In practical engineering applications, uncertainty quantification is essential for predicting and preventing catastrophic failures. Reliability analysis methods have been introduced to calculate the probability that a system performs its intended functionality, and reliability-based design optimization (RBDO) has been widely applied to solve engineering design problems with the consideration of various sources of uncertainties. Optimum system design that has the best compromise between cost and system reliability can be achieved by solving RBDO problems.

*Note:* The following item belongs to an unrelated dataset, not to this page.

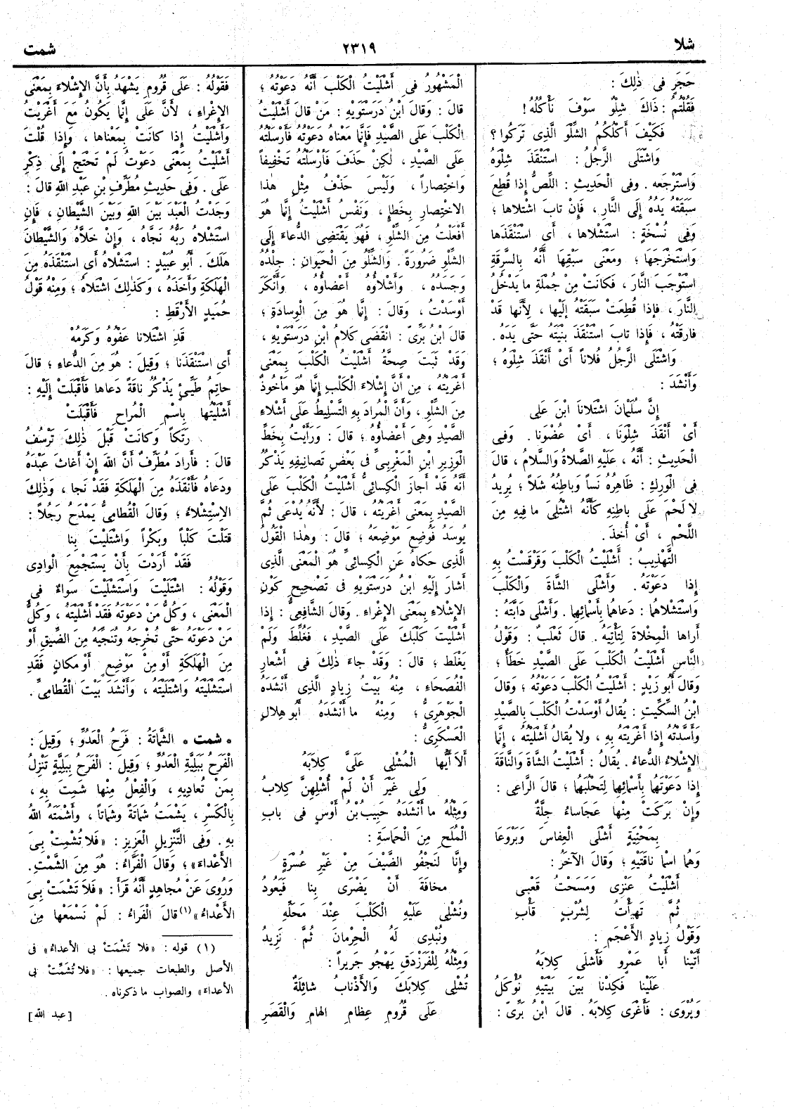حَجَرٍ في ذلك فَقُلْتُمُ ذَاكَ شِلْوٌ سَوْفَ نَأْكُلُه فكَيْفَ أَكْلُكُمْ الشِّلْوَ الذي تَرَكُوا ؟ واشْتَلى الرجلُ اسْتَنْقَذَ شِلْوَه واسْتَرْجَعَه وفي الحديث اللِّصُّ إِذا قُطِعَ سَبَقَتْهُ يَدُه إِلى النار فإِن تاب اشْتَلاها وفي نسخة اسْتَشْلاها أَي اسْتَنْقَذَها واسْتَخْرَجها ومعنى سَبْقِهَا أَنَّه بالسَّرِقَةِ اسْتَوْجَبَ النارَ فكانَتْ من جُمْلَةٍ ما يَدخُلُ النارَ فإِذا قُطِعَتْ سَبَقَتْه إلَيْها لأَنَّها قد فارَقَتْه فإذا تابَ اسْتَنْقَذَ بِنْيَتَه حتى يَدَهُ واشْتَلى الرجلُ فلاناً أَي أَنْقَذَ شِلْوَه وأَنشد إِنَّ سُلَيْمانَ اشْتَلانَا ابنَ عَلي أَي أَنْقَذَ شِلْوَنَا أَي عُضْوَنا وفي الحديث أَنه عليه الصلاة والسلام قال في الوَرِكِ ظَاهِرُه نَساً وباطِنُه شَلاً يريد لا لَحْمَ على باطِنِه كأَنَّه اشْتُليَ ما فيه من اللحم أَي أُخذ التهذيب أَشْلَيْتُ الكَلْبَ وقَرْقَسْتُ به إِذا دَعَوْتَه وأَشْلى الشَّاةَ والكَلْبَ واسْتَشْلاهُما دَعاهُما بأَسْمائِهِما وأَشْلى دَابَّتَه أَراها المُخْلاة لتَأْتِيَه قال ثعلب وقولُ الناسِ أَشليتُ الكَلْبَ على الصيَّدِ خَطَأٌ وقال أَبو زيد أَشْلَيْتُ الكَلْبَ دَعَوْته وقال ابن السكيت يقال أَوسَدْتُ الكَلْبَ بالصَّيْدِ وأَسَّدْتُه إِذا أَغْرَيْته به ولا يُقالُ أَشْلَيْته إِنما الإِشْلاءُ الدُّعاءُ يقال أَشْلْيتُ الشاةَ والنَّاقَةَ إِذا دَعَوْتَهُما بأَسمائِهِما لتَحْلُبَهُما قال الراعي وإِنْ بَرَكَتْ مِنْها عَجَاساءُ جِلَّةٌ بِمَحْنِيَةٍ أَشْلى العِفاسَ وبَرْوَعَا وهما اسما نافتيه وقال الآخر أَشْلَيْتُ عَنْزِي ومَسَحْت قَعْبي ثُمَّ تَهَيَّأْتُ لِشُرْبٍ قَأْبِ وقول زياد الأَعجم أَتَيْنا أَبا عَمْروٍ فَأَشْلى كِلابَهُ عَلَيْنَا فكِدْنا بَيْنَ بَيْتَيهِ نُؤْكَلُ ويروى فأَغْرَى كِلابَه قال ابن بري المشهورُ في أَشْلَيتُ الكَلْب أَنَّه دَعَوْته قال وقال ابن دَرَسْتَوَيْهِ من قال أَشْلَيْت الكَلْبَ على الصَّيدِ فإِنَّما مَعناهُ دَعَوْته فأَرْسَلْته على الصَّيْد لكن حَذَفَ فأَرْسَلْته تخفيفاً واختصاراً وليس حذفُ مثل هذا الاختصار بخطإِ ونفس أَشْلَيْت إِنما هو أَفْعَلْت من الشِّلْوِ فهو يقتضِي الدُّعاءَ إِلى الشِّلْوِ ضَرورةً والشِّلوُ منَ الحَيَوانِ جِلْدُه وجَسَدُه وأَشْلاؤُهُ أَعْضاؤُه وأَنكَرَ أَوْسَدْت وقال إِنما هُوَ مِنَ الوِسَادَةِ قال ابن بري انقضى كلام ابن دَرَسْتَوَيْهِ وقد ثبَتَ صحة أَشْلَيْت الكَلْبَ بمعنى أَغْرَيْته من أَنَّ إِشْلاءَ الكَلْب إِنَّما هو مأْخوذٌ من الشِّلْوِ وأَنَّ المراد به التسليط على أَشْلاءِ الصيدِ وهي أَعْضاؤُه قال ورأَيت بخَطِّ الوزير ابنِ المَغْرِبي في بعضِ تَصانِيفِه يذكر أَنه قد أَجاز الكسائيُّ أَشْلَيْت الكلب على الصيدِ بمعنى أَغْرَيْتُه قال لأَنه يُدعَى ثم يُوسَدُ فوُضِع موضِعَهُ قال وهذا القولُ الذي حكاهُ عن الكسائيّ هو المعنى الذي أَشار إِليه ابنُ دَرَسْتَوَيْه في تصحيح كون الإِشْلاءِ بمعنى الإِغْراءِ وقال الشافعي إِذا أَشْلَيتَ كَلْبَكَ على الصيدِ فغُلِّطَ ولم يَغْلَطْ قال وقد جاءَ ذلك في أَشعارِ الفُصَحَاء منه بيتُ زيادٍ الذي أَنشده الجوهري ومنه ما أَنشده أَبو هلالٍ العسكري أَلا أَيُّها المُشْلي عَلَيَّ كِلابَهُ ولي غَيْرَ أَنْ لَمْ أُشْلِهِنَّ كِلابُ ومثله ما أَنشدة حبيبُ بنُ أَوْسٍ في باب المُلَحِ من الحَمَاسَةِ وإِنَّا لنَجْفُو الضَّيْفَ من غيرِ عُسْرَةٍ مَخافَةَ أَن يَضْرَى بِنا فيعُودُ ونُشْلي عَلَيْهِ الكَلْبَ عِندَ مَحَلِّه ونُبْدِي له الحِرْمانَ ثُمَّ نَزِيدُ ومثله للفَرَزْدَق يَهْجُو جريراً تُشْلي كِلابَكَ والأَذْنابُ شائلةٌ على قُرُومِ عِظامِ الهَامِ والقَصَرِ فقوله على قُرومِ يَشْهَدُ بأَنَّ الإِشْلاءَ بمعنى الإِغْراءِ لأَنَّ على إِنما يكونُ مع أَغْرَيْتُ وأَشْلَيْتُ إِذا كانت بمعناها و

This paper proposes a transfer learning method to solve the sampling-based RBDO problem. In this method, the sample space where the initial design point is located and its distribution are called the source domain, and the sample space where the updated design point is located and its distribution are called the target domain during the optimization process. Domain-adversarial regression neural networks are constructed by Monte Carlo simulation (MCS) samples and their responses of the source domain and MCS samples of the target domain to achieve high-precision response prediction of the target domain. According to the predicted response of MCS samples, the failure probability of the target domain is calculated, and the first-order score function is used to approximated the sensitivity information of the failure probability. By providing the estimated reliability, cost function value, and corresponding sensitivity information to the optimizer, an updated design point can be achieved accordingly. The iterative design process will be repeated until an optimal design is achieved. The core innovation of this method is to use the transfer learning model to solve the repeated reliability analysis in the sampling-based RBDO with only the computational cost of reliability analysis in the source domain. The efficiency and accuracy of the proposed method were demonstrated using numerical examples.